| Your task |
When you reach the line containing "藍色牛仔褲、白色襯衫或厚重的" in the records below, set it down exactly, together with every later line through the end, but not the pictures.

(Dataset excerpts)
-=-=-
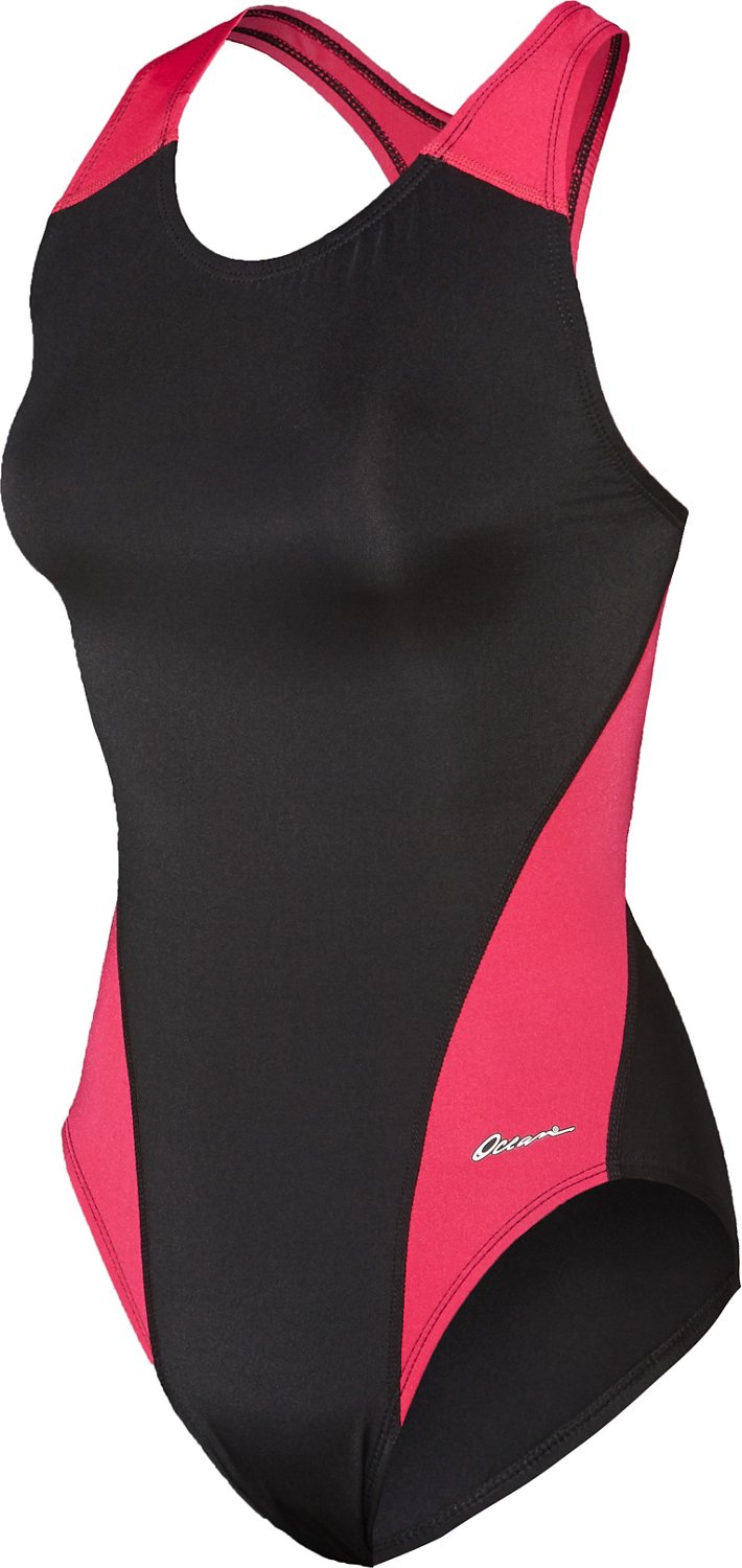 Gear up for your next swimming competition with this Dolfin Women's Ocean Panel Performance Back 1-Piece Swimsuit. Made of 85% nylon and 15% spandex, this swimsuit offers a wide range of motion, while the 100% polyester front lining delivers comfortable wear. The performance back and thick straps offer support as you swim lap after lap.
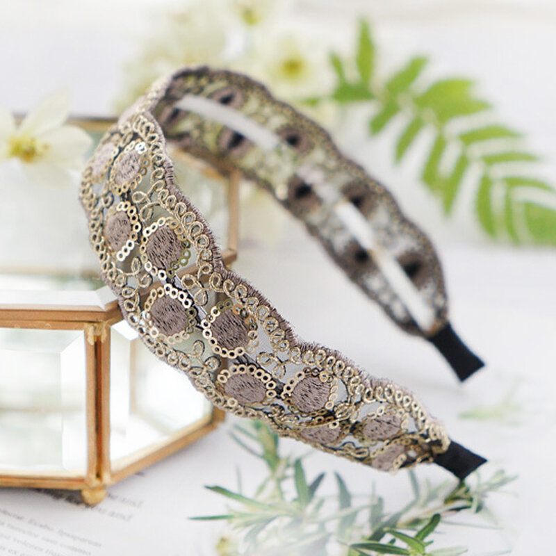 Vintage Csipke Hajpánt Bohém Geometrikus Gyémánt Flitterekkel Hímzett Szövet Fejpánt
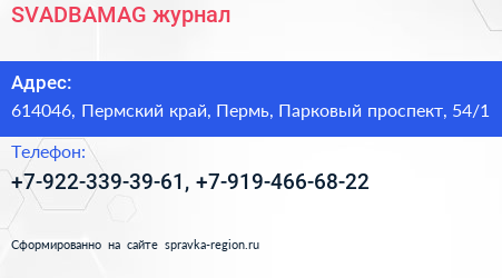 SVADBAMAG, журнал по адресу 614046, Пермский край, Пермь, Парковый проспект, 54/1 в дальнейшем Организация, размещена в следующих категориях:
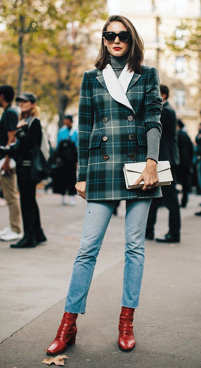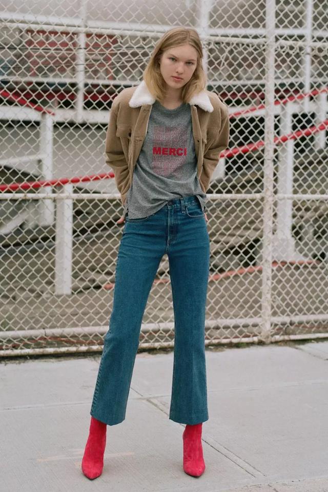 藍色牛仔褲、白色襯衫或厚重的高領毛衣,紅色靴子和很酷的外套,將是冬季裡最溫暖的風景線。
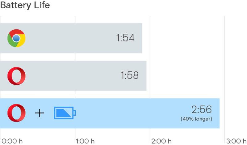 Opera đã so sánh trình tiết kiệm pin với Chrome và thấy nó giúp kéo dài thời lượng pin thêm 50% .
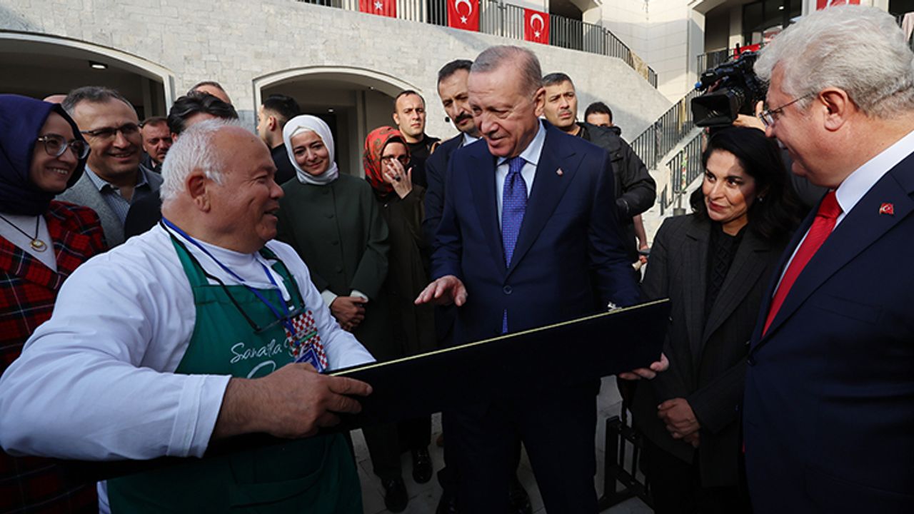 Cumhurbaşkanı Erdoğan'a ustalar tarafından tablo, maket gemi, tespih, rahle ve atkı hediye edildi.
-=-=-
| Task output |
 藍色牛仔褲、白色襯衫或厚重的高領毛衣,紅色靴子和很酷的外套,將是冬季裡最溫暖的風景線。
 Opera đã so sánh trình tiết kiệm pin với Chrome và thấy nó giúp kéo dài thời lượng pin thêm 50% .
 Cumhurbaşkanı Erdoğan'a ustalar tarafından tablo, maket gemi, tespih, rahle ve atkı hediye edildi.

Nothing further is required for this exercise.